(AIM OF THE EXERCISE): Every record must be copied exactly, except that pictures are dropped.

(Entries taken from a collection)
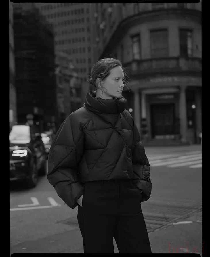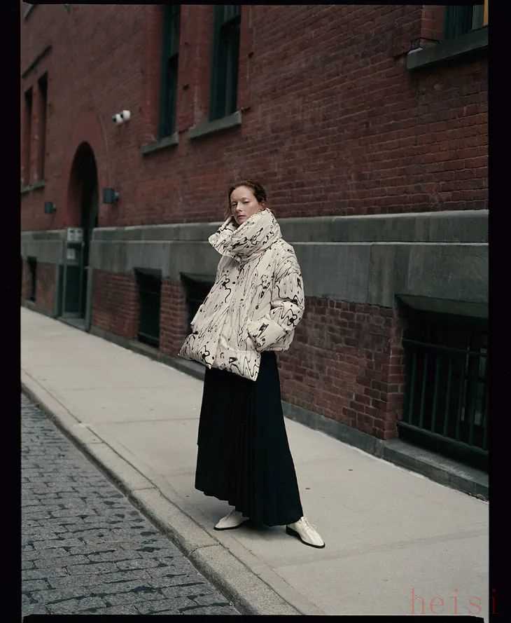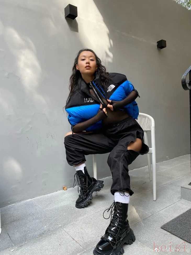 穿上羽絨服的楊冪也能化身酷女孩營業(yè)。黑白千鳥格圖案裝飾的面包服呈現(xiàn)出百變風(fēng)格,另一款MO&Co. × 032c獨(dú)家聯(lián)名系列則在運(yùn)動(dòng)與機(jī)能風(fēng)格之間完美平衡。
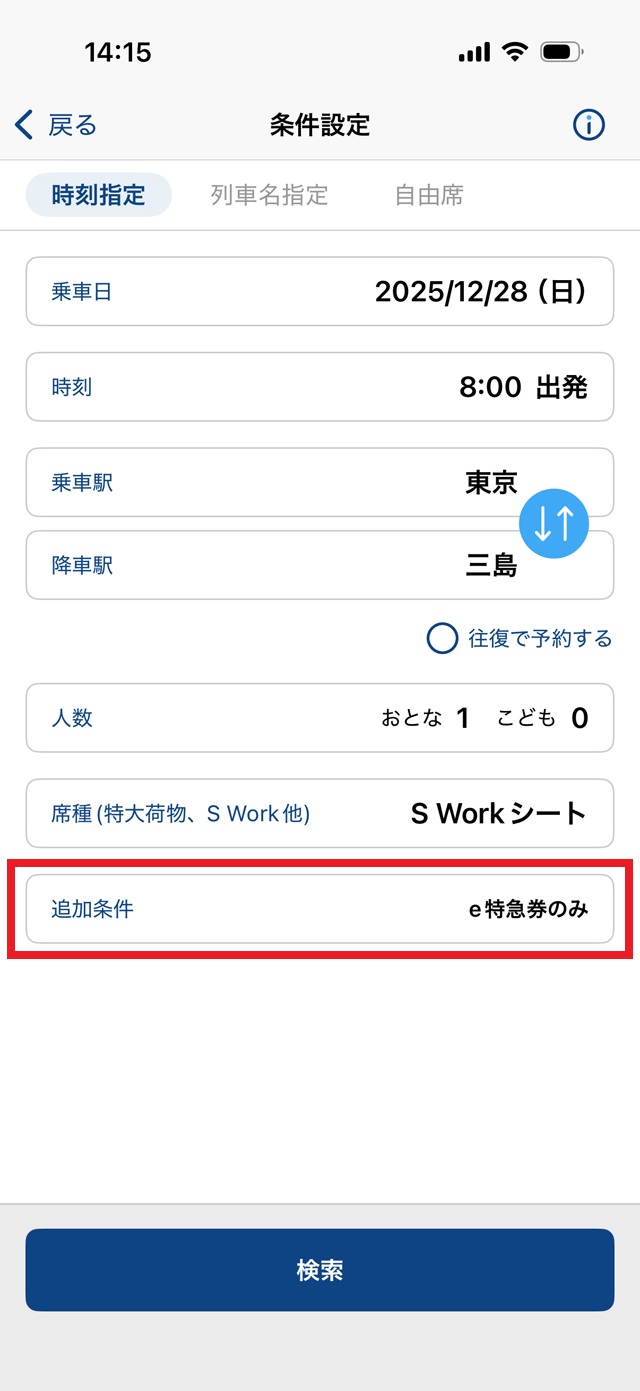 新幹線を新規予約する際、検索条件設定画面で乗車日・時間帯・乗車区間・人数を入力します。「e特急券」を購入するためには、「e特急券のみ」を追加条件として設定します。
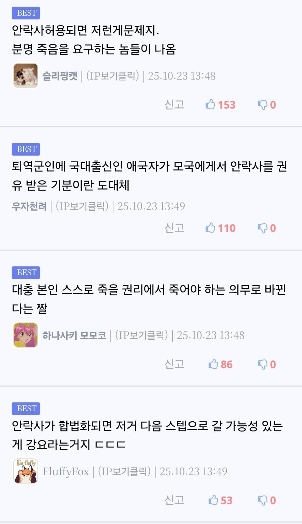 답댓글 작성자kevin de bruyne 작성시간 25.10.24 나도 이래서 우리나라에 안락사 합법으로 들여오는거 신중해야 한다고 생각함.. 우리나라는 더하면 더했지.. ㅋㅋ
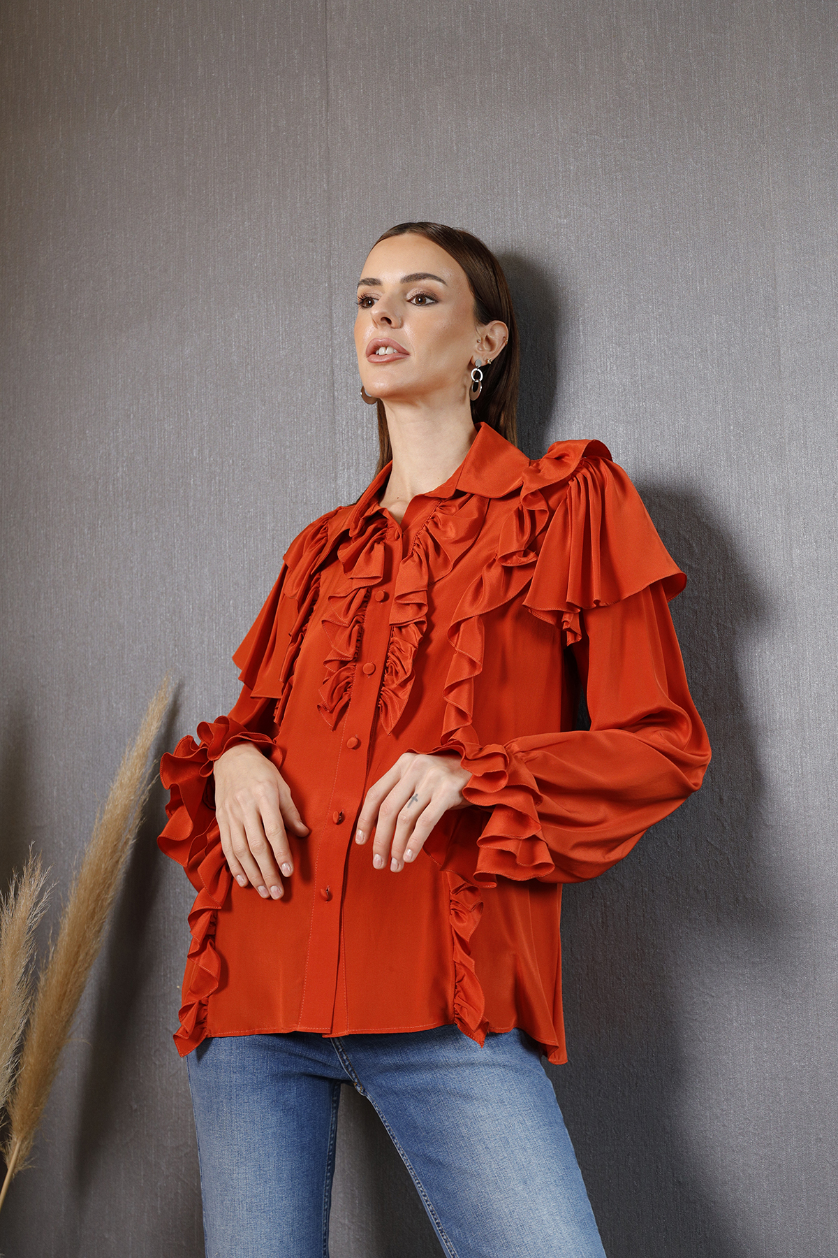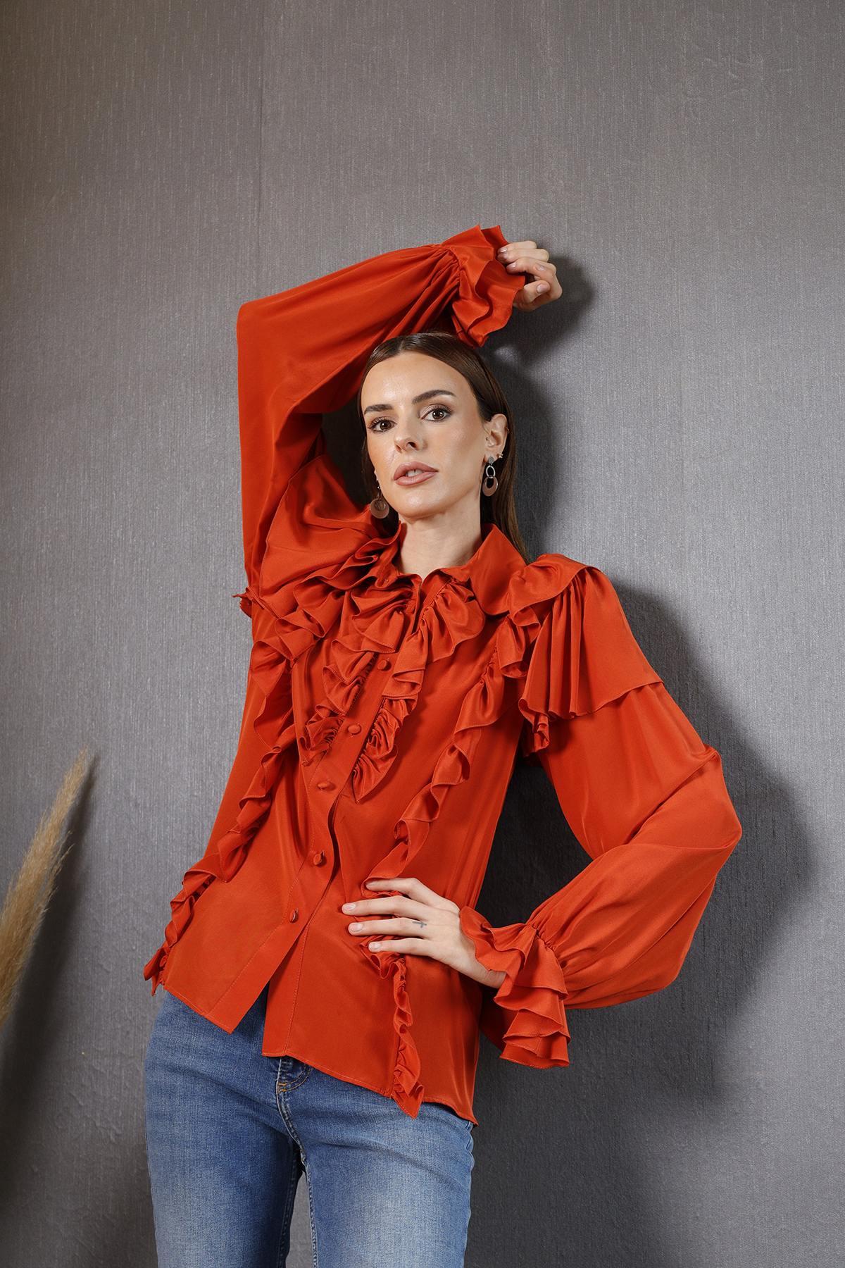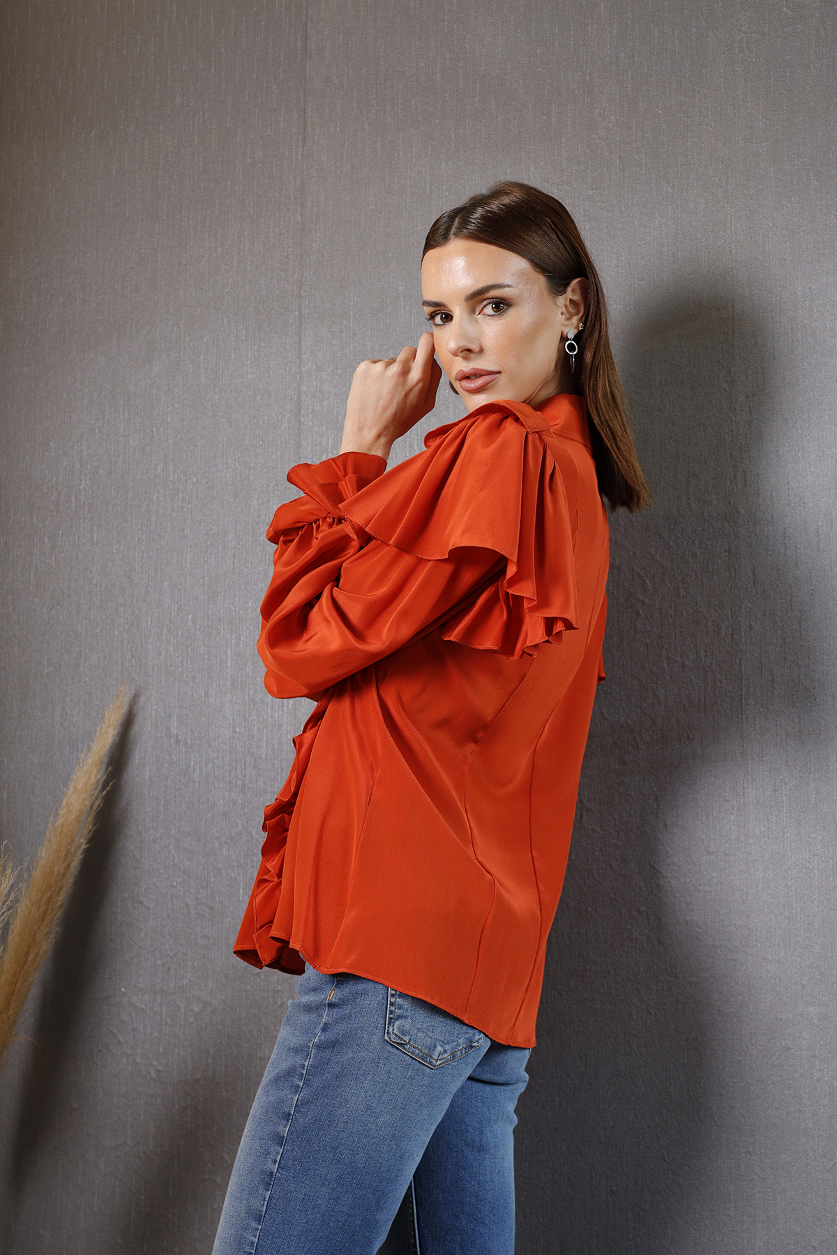 Elica Turuncu İpek Saten Volanlı Şık Tasarım Gömlek
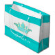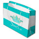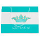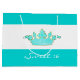 Large chic gift bag done in a robin's egg blue and white horizontal stripe pattern. Graphics of a blue and gold tone crown, decorates the middle of the bag. Personalize the white text, on the bottom of the bag to suit your occasion. Great for birthdays, Sweet 16, congratulations and Quinceañera.
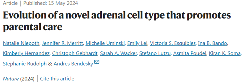 Natalie Niepoth et al. Evolution of a novel adrenal cell type that promotes parental care. Nature, 2024, doi:10.1038/s41586-024-07423-y.
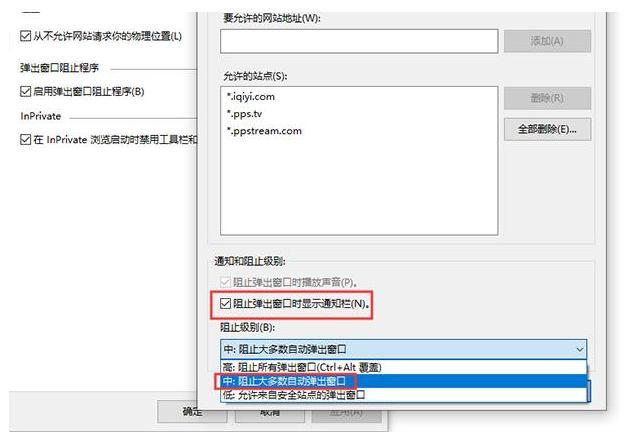 5、進入以下界面,先勾選【阻止彈出窗口時顯示通知欄】,然后將下方的【阻止級別】設置為【中阻止大多數(shù)自動彈出窗口】,最后點擊確定。
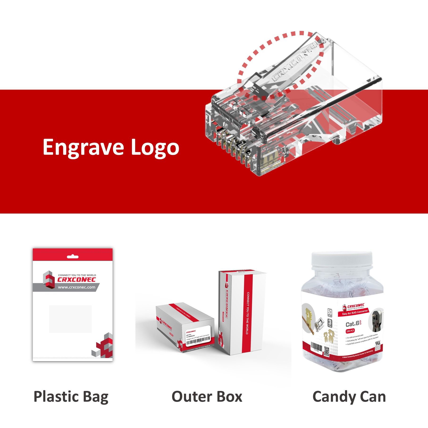 The special larger wire hole 1.2mm to fit with the strong solid cable Jacket. The open pass through design offers more efficient on assembly and provide good connection without damage the twisted pair of cables. The 3-prong contact blades can reduce the crosstalk between twisted pairs of Ethernet cable and ensure solid connection. Plenty of brand cabling companies choose our plugs to provide professional installer and DIY market needs.
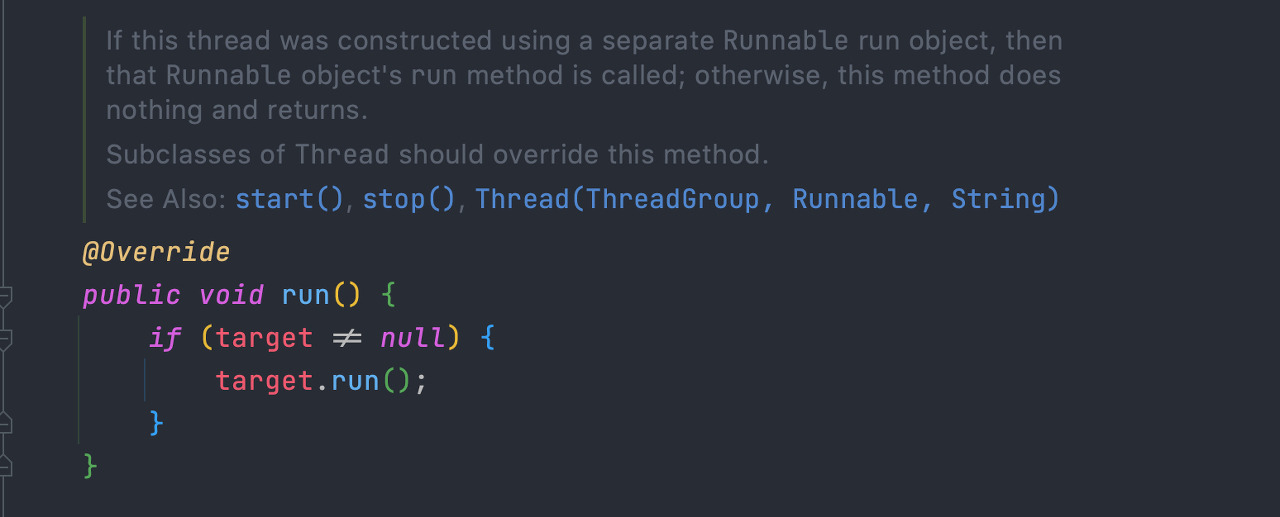 Runnable은 오로지 run() 메서드만 구현되어 있는 함수형 인터페이스이다.
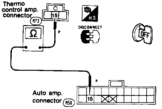 - Check for continuity between Auto Amp harness terminal 15 and Thermo Control Amp harness terminal 15. Continuity should exist.
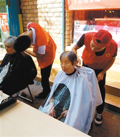理发店给老人免费理发
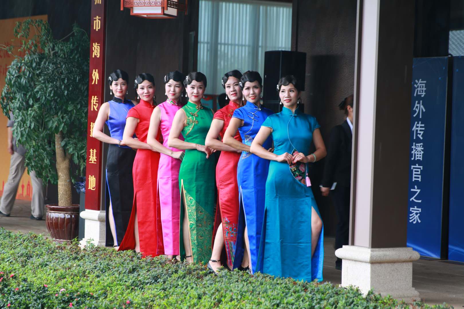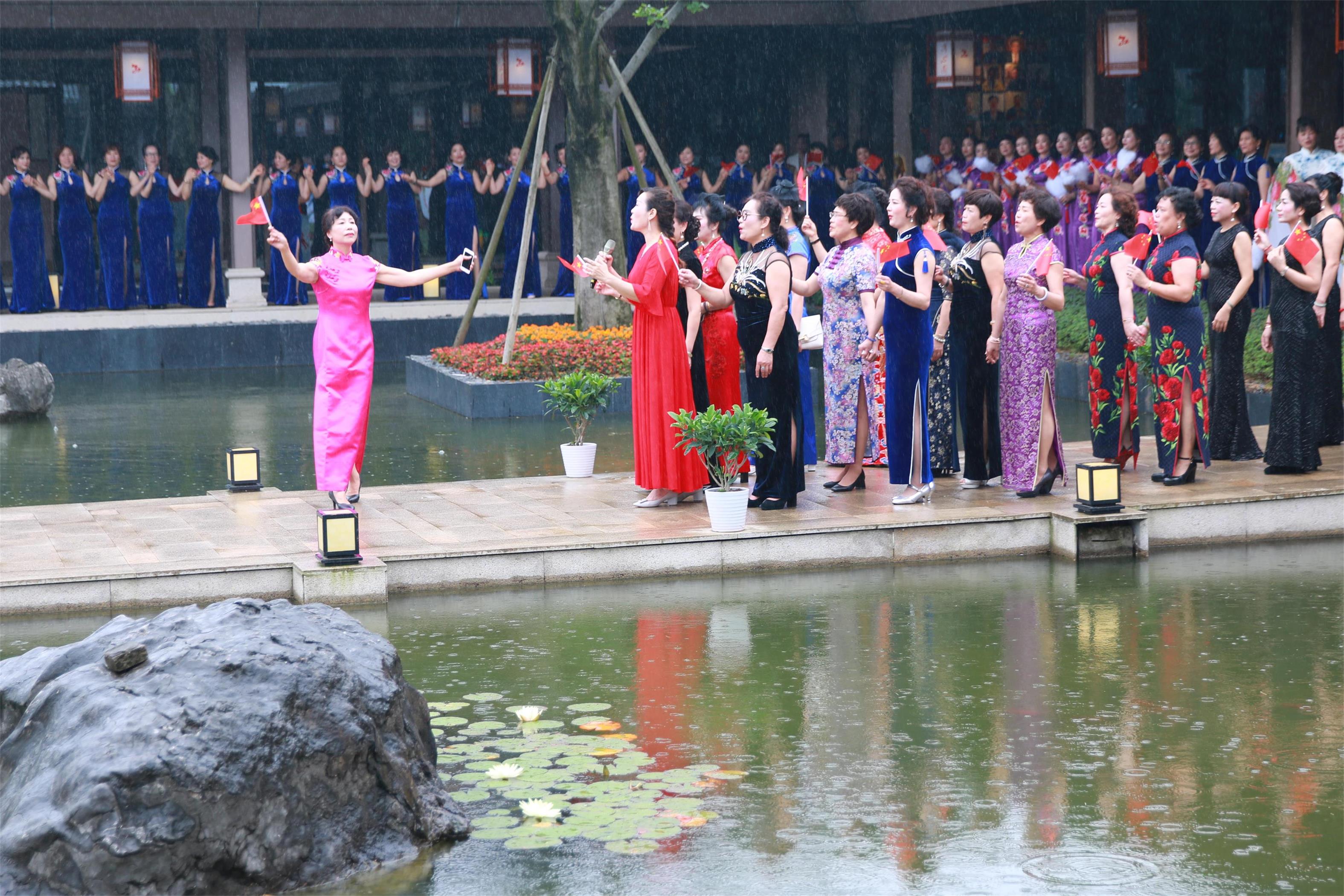 Among the 300 people performing yesterday, there are Wenzhou overseas Chinese from Germany, Portugal, France and other countries and regions, as well as local cheongsam-enthusiasts in Wenzhou. In order to carry out the recording of the flash program "The Song of the Yangtze River", WenzhouDaily even arranged for them to record the program in the studio of the radio station. At the beginning of the event at 2 o'clock in the afternoon yesterday, 300 women wearing various colors of cheongsam surrounded the gallery of the overseas publicity base and sang "The Song of the Yangtze River". Through the lens of the photographer and the camera, the charm of the cheongsam was stunning the whole city.

(RESULT OF THE EXERCISE):
 穿上羽絨服的楊冪也能化身酷女孩營業(yè)。黑白千鳥格圖案裝飾的面包服呈現(xiàn)出百變風(fēng)格,另一款MO&Co. × 032c獨(dú)家聯(lián)名系列則在運(yùn)動(dòng)與機(jī)能風(fēng)格之間完美平衡。
 新幹線を新規予約する際、検索条件設定画面で乗車日・時間帯・乗車区間・人数を入力します。「e特急券」を購入するためには、「e特急券のみ」を追加条件として設定します。
 답댓글 작성자kevin de bruyne 작성시간 25.10.24 나도 이래서 우리나라에 안락사 합법으로 들여오는거 신중해야 한다고 생각함.. 우리나라는 더하면 더했지.. ㅋㅋ
 Elica Turuncu İpek Saten Volanlı Şık Tasarım Gömlek
 Large chic gift bag done in a robin's egg blue and white horizontal stripe pattern. Graphics of a blue and gold tone crown, decorates the middle of the bag. Personalize the white text, on the bottom of the bag to suit your occasion. Great for birthdays, Sweet 16, congratulations and Quinceañera.
 Natalie Niepoth et al. Evolution of a novel adrenal cell type that promotes parental care. Nature, 2024, doi:10.1038/s41586-024-07423-y.
 5、進入以下界面,先勾選【阻止彈出窗口時顯示通知欄】,然后將下方的【阻止級別】設置為【中阻止大多數(shù)自動彈出窗口】,最后點擊確定。
 The special larger wire hole 1.2mm to fit with the strong solid cable Jacket. The open pass through design offers more efficient on assembly and provide good connection without damage the twisted pair of cables. The 3-prong contact blades can reduce the crosstalk between twisted pairs of Ethernet cable and ensure solid connection. Plenty of brand cabling companies choose our plugs to provide professional installer and DIY market needs.
 Runnable은 오로지 run() 메서드만 구현되어 있는 함수형 인터페이스이다.
 - Check for continuity between Auto Amp harness terminal 15 and Thermo Control Amp harness terminal 15. Continuity should exist.
理发店给老人免费理发
 Among the 300 people performing yesterday, there are Wenzhou overseas Chinese from Germany, Portugal, France and other countries and regions, as well as local cheongsam-enthusiasts in Wenzhou. In order to carry out the recording of the flash program "The Song of the Yangtze River", WenzhouDaily even arranged for them to record the program in the studio of the radio station. At the beginning of the event at 2 o'clock in the afternoon yesterday, 300 women wearing various colors of cheongsam surrounded the gallery of the overseas publicity base and sang "The Song of the Yangtze River". Through the lens of the photographer and the camera, the charm of the cheongsam was stunning the whole city.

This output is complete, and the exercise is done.